Source records:
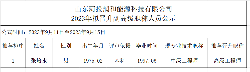 山東菏投潤和能源科技有限公司2023年擬晉升副高級職稱人員公示
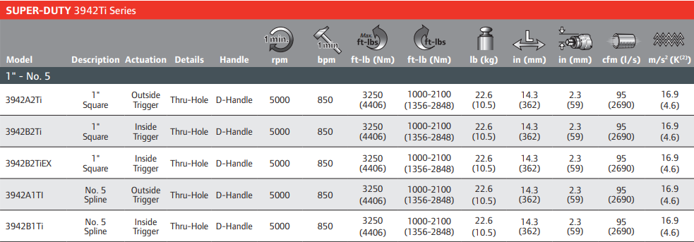 Ingersoll Rand 3942A2Ti Super-Duty Impact Wrench features titanium hammercase, bronze end plates and torque up to 3,250 ft-lbs. The 3900 Series are the premier industrial grade impact wrenches. This impact wrench is optimized for general industrial use, MRO, rail, heavy machinery, and shipbuilding. The 3900 Series delivers a high torque output, making every job a breeze. Twin hammer mechanism ensure consistent power and balance while the Reverse bias motor to help remove the most stubborn bolts. Pressure-fed mechanism lubrication ensures complete coverage throughout the the tool.
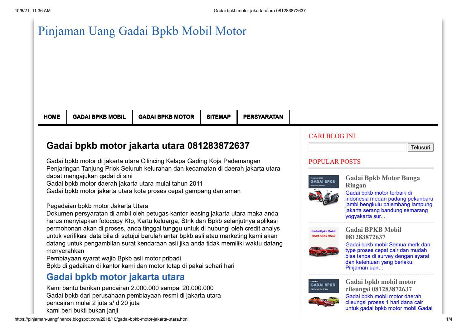 Gadai Motor Tanpa BPKB Bagi anda yang hendak mencari tempat gadai motor di wilayah Jakarta, Bekasi, dan Bandung tentu bukan perkara sulit. Pasalnya berbagai lembaga seperti perusahaan multifinance, perbankan, hingga PT Pegadaian juga memiliki pelayanan di wilayah tersebut. Leasing Gadai BPKB Motor dan Mobil Daerah Yogyakarta Proses Exspress Di tempat kami tidak hanya memberikan pelayanan yang cepat, tapi juga bunga sangat ringan, persyaratan mudah dan proses tidak berbelit-belit untuk gadai bpkb mobil dan motor. Data yang paling sulit sekalipun dapat kami bantu untuk cairkan karena kami menerapkan simple documentsehingga tidak memerlukan syarat yang panjang ...
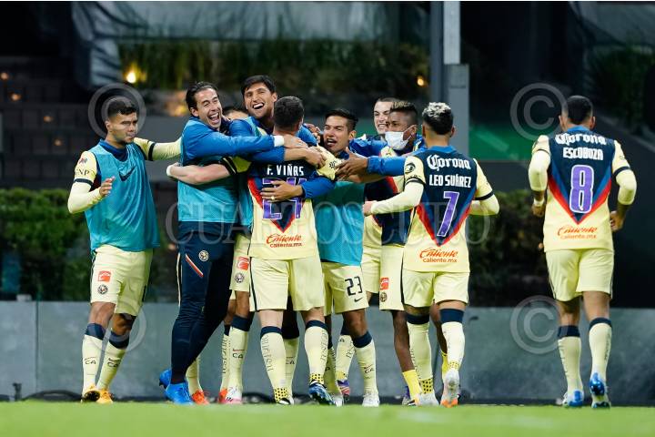 Federico Viñas (América) festeja su gol con sus compañeros.
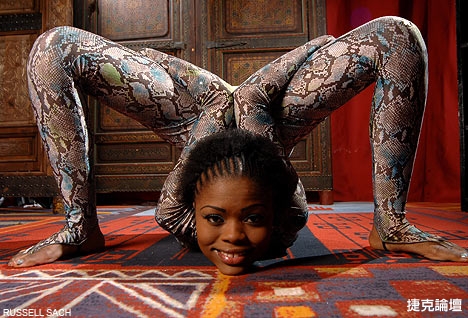 這個神奇少女名叫Nokulunga Buthelezi,在表演時身穿類似蛇皮顔色的服裝,可以將自己的腿掰至下颚,做出各種令觀衆無法相信的動作。據了解,蛇女的身體柔軟是天生的,12歲那年有一天她在睡覺時,她母親走向臥室一看,發現她少了一條腿,原來睡熟之時蛇女竟將腿不由自主地伸到脖子下面了。
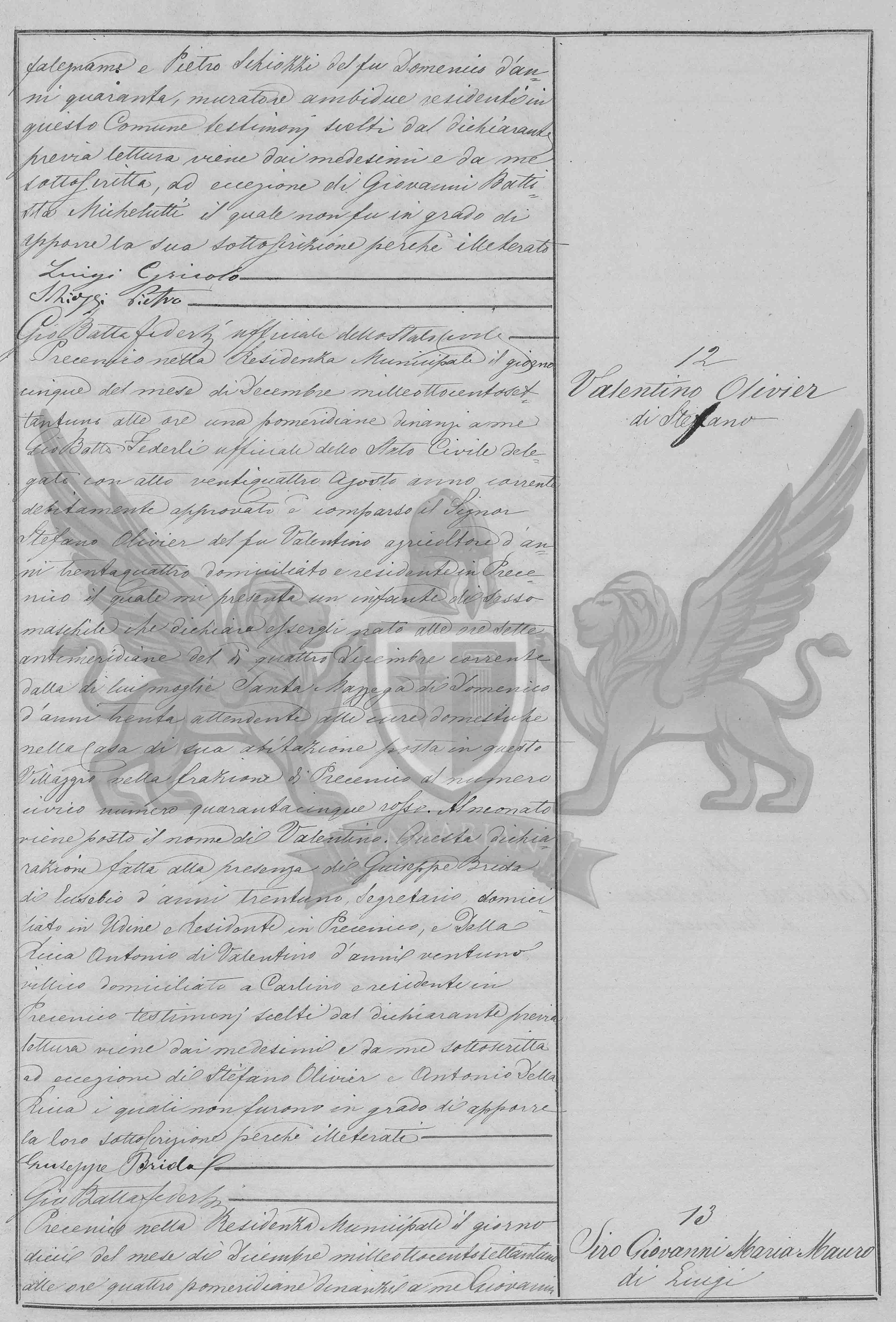 Gio Batta Federli o Oficial do Estado Civil de Precenicco na residência Municipal no dia cinco do mês de Dezembro de mil oitocentos e setenta e um às treze horas pós meridianas diante de mim Gio Batta Federli oficial do Estado Civil delegado com ato dia vinte e quatro de Agosto do ano corrente devidamente aprovado compareceu o Senhor Stefano Olivier filho do falecido Valentino agricultor de trinta e quatro anos domiciliado e residente em Precenicco o qual me apresenta um infante de sexo masculino que declara de ter nascido às sete horas ante meridianas do dia quatro de dezembro corrente de sua mulher Santa Mazzega filha de Domenico de trinta anos atendente aos cuidados domésticos na Casa de sua habitação situada neste Vilarejo na fração de Precenicco ao civico número quarenta e cinco vermelho.
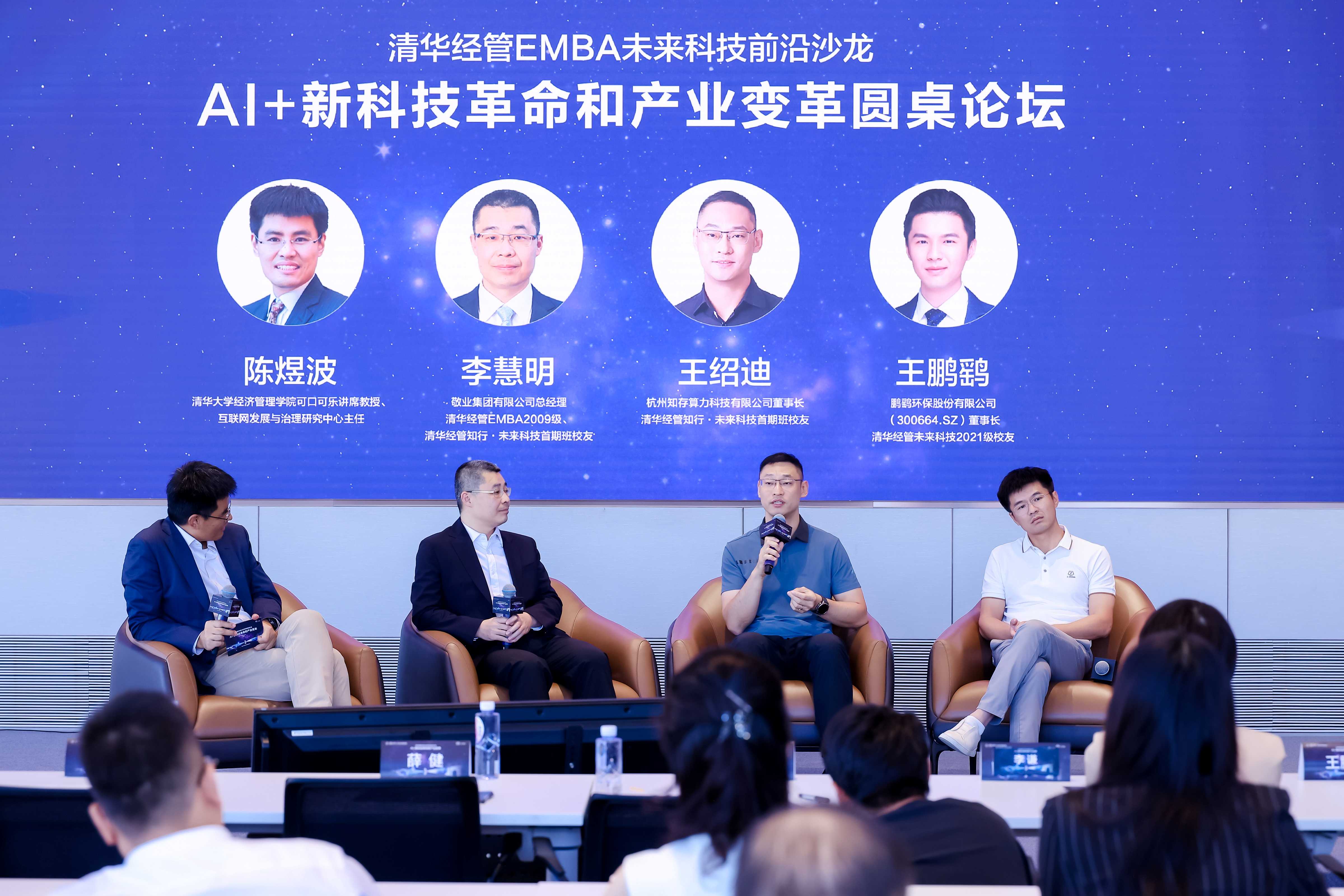圆桌论坛环节由陈煜波主持,他与清华经管EMBA2009级、清华经管知行·未来科技首期班校友、敬业集团有限公司总经理李慧明,清华经管知行·未来科技首期班校友、杭州知存算力科技有限公司董事长王绍迪,清华经管未来科技2021级校友、鹏鹞环保股份有限公司董事长王鹏鹞,围绕企业实践与AI应用展开深入对话。李慧明指出,当前钢铁行业正处减量发展与转型升级关键期,“高端化、智能化、绿色化”成为核心方向。他介绍,敬业集团在AI应用上多维度布局,推动企业向制造服务业转型。王绍迪介绍了“存算一体”芯片在人工智能算力发展中的突破意义。公司通过存算一体技术优化AI计算功耗和带宽,寻找技术突破口,努力在全球产业链中确立竞争优势。王鹏鹞认为,AI与环保的深度融合仍处于探索阶段,但已成为推动产业升级的重要方向。鹏鹞环保长期深耕水务处理,正聚焦水厂板块,通过转型装备主导模式、培养本地化AI小模型推动绿色发展。
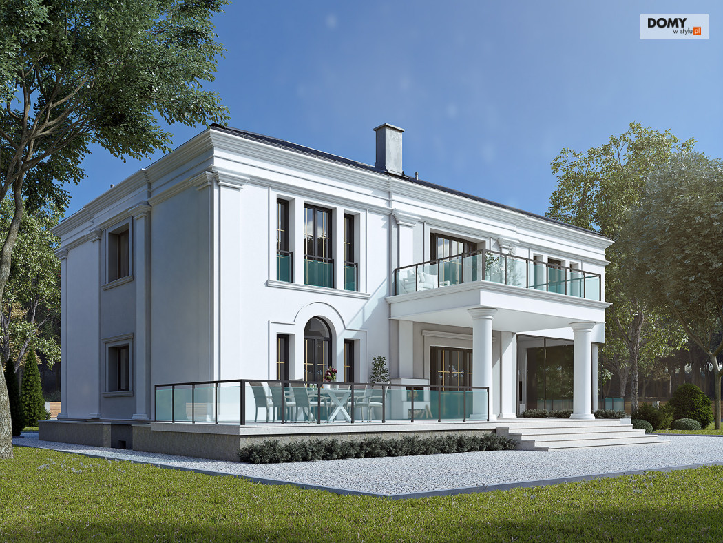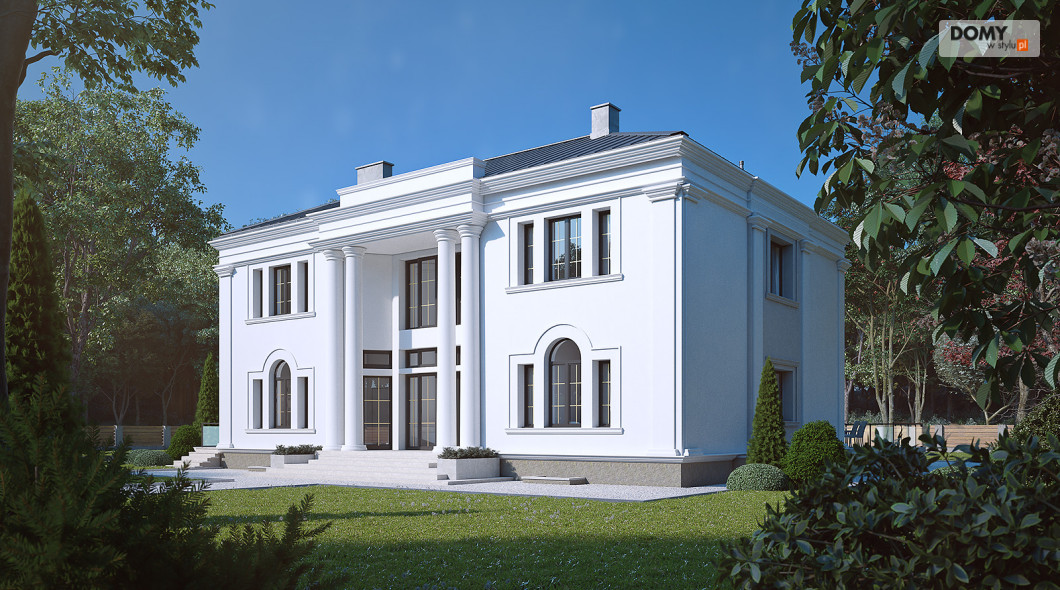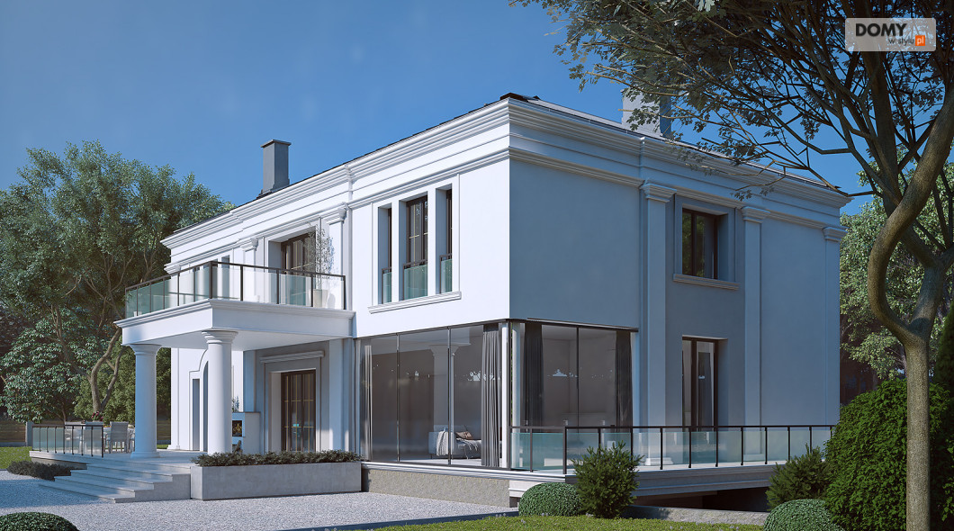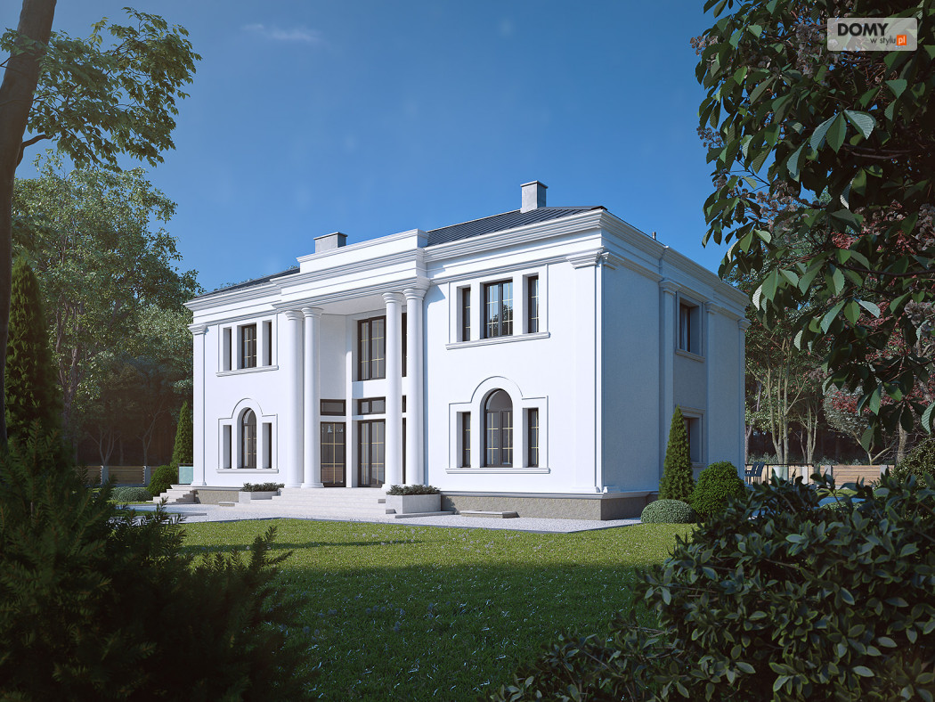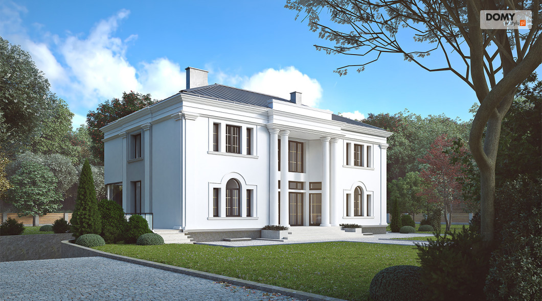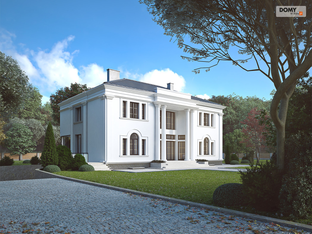 Amadeusz 2 to projekt domu w stylu nowoczesnej rezydencji. Elegancka i prestiżowa elewacja została ozdobiona licznymi gzymsami oraz pilastrami. Garaż umiejscowiono w piwnicy dostępnej za pomocą krętego zjazdu. Parter o otwartym charakterze cechuje się widokiem na taras oraz obszernym oknem narożnym. Kuchnia znajduje się w bardzo bliskiej odległości od kuchni. Na poddaszu zaprojektowano 4 wygodne pokoje, z czego jeden z dużą garderobą. Dodatkowo na tym piętrze znajdują się również w łazienki oraz WC

* **What is expected**
Repeat every entry above word for word, and include no pictures.

* **Exercise solution**
 山東菏投潤和能源科技有限公司2023年擬晉升副高級職稱人員公示
 Ingersoll Rand 3942A2Ti Super-Duty Impact Wrench features titanium hammercase, bronze end plates and torque up to 3,250 ft-lbs. The 3900 Series are the premier industrial grade impact wrenches. This impact wrench is optimized for general industrial use, MRO, rail, heavy machinery, and shipbuilding. The 3900 Series delivers a high torque output, making every job a breeze. Twin hammer mechanism ensure consistent power and balance while the Reverse bias motor to help remove the most stubborn bolts. Pressure-fed mechanism lubrication ensures complete coverage throughout the the tool.
 Gadai Motor Tanpa BPKB Bagi anda yang hendak mencari tempat gadai motor di wilayah Jakarta, Bekasi, dan Bandung tentu bukan perkara sulit. Pasalnya berbagai lembaga seperti perusahaan multifinance, perbankan, hingga PT Pegadaian juga memiliki pelayanan di wilayah tersebut. Leasing Gadai BPKB Motor dan Mobil Daerah Yogyakarta Proses Exspress Di tempat kami tidak hanya memberikan pelayanan yang cepat, tapi juga bunga sangat ringan, persyaratan mudah dan proses tidak berbelit-belit untuk gadai bpkb mobil dan motor. Data yang paling sulit sekalipun dapat kami bantu untuk cairkan karena kami menerapkan simple documentsehingga tidak memerlukan syarat yang panjang ...
 Federico Viñas (América) festeja su gol con sus compañeros.
 這個神奇少女名叫Nokulunga Buthelezi,在表演時身穿類似蛇皮顔色的服裝,可以將自己的腿掰至下颚,做出各種令觀衆無法相信的動作。據了解,蛇女的身體柔軟是天生的,12歲那年有一天她在睡覺時,她母親走向臥室一看,發現她少了一條腿,原來睡熟之時蛇女竟將腿不由自主地伸到脖子下面了。
 Gio Batta Federli o Oficial do Estado Civil de Precenicco na residência Municipal no dia cinco do mês de Dezembro de mil oitocentos e setenta e um às treze horas pós meridianas diante de mim Gio Batta Federli oficial do Estado Civil delegado com ato dia vinte e quatro de Agosto do ano corrente devidamente aprovado compareceu o Senhor Stefano Olivier filho do falecido Valentino agricultor de trinta e quatro anos domiciliado e residente em Precenicco o qual me apresenta um infante de sexo masculino que declara de ter nascido às sete horas ante meridianas do dia quatro de dezembro corrente de sua mulher Santa Mazzega filha de Domenico de trinta anos atendente aos cuidados domésticos na Casa de sua habitação situada neste Vilarejo na fração de Precenicco ao civico número quarenta e cinco vermelho.
圆桌论坛环节由陈煜波主持,他与清华经管EMBA2009级、清华经管知行·未来科技首期班校友、敬业集团有限公司总经理李慧明,清华经管知行·未来科技首期班校友、杭州知存算力科技有限公司董事长王绍迪,清华经管未来科技2021级校友、鹏鹞环保股份有限公司董事长王鹏鹞,围绕企业实践与AI应用展开深入对话。李慧明指出,当前钢铁行业正处减量发展与转型升级关键期,“高端化、智能化、绿色化”成为核心方向。他介绍,敬业集团在AI应用上多维度布局,推动企业向制造服务业转型。王绍迪介绍了“存算一体”芯片在人工智能算力发展中的突破意义。公司通过存算一体技术优化AI计算功耗和带宽,寻找技术突破口,努力在全球产业链中确立竞争优势。王鹏鹞认为,AI与环保的深度融合仍处于探索阶段,但已成为推动产业升级的重要方向。鹏鹞环保长期深耕水务处理,正聚焦水厂板块,通过转型装备主导模式、培养本地化AI小模型推动绿色发展。
 Amadeusz 2 to projekt domu w stylu nowoczesnej rezydencji. Elegancka i prestiżowa elewacja została ozdobiona licznymi gzymsami oraz pilastrami. Garaż umiejscowiono w piwnicy dostępnej za pomocą krętego zjazdu. Parter o otwartym charakterze cechuje się widokiem na taras oraz obszernym oknem narożnym. Kuchnia znajduje się w bardzo bliskiej odległości od kuchni. Na poddaszu zaprojektowano 4 wygodne pokoje, z czego jeden z dużą garderobą. Dodatkowo na tym piętrze znajdują się również w łazienki oraz WC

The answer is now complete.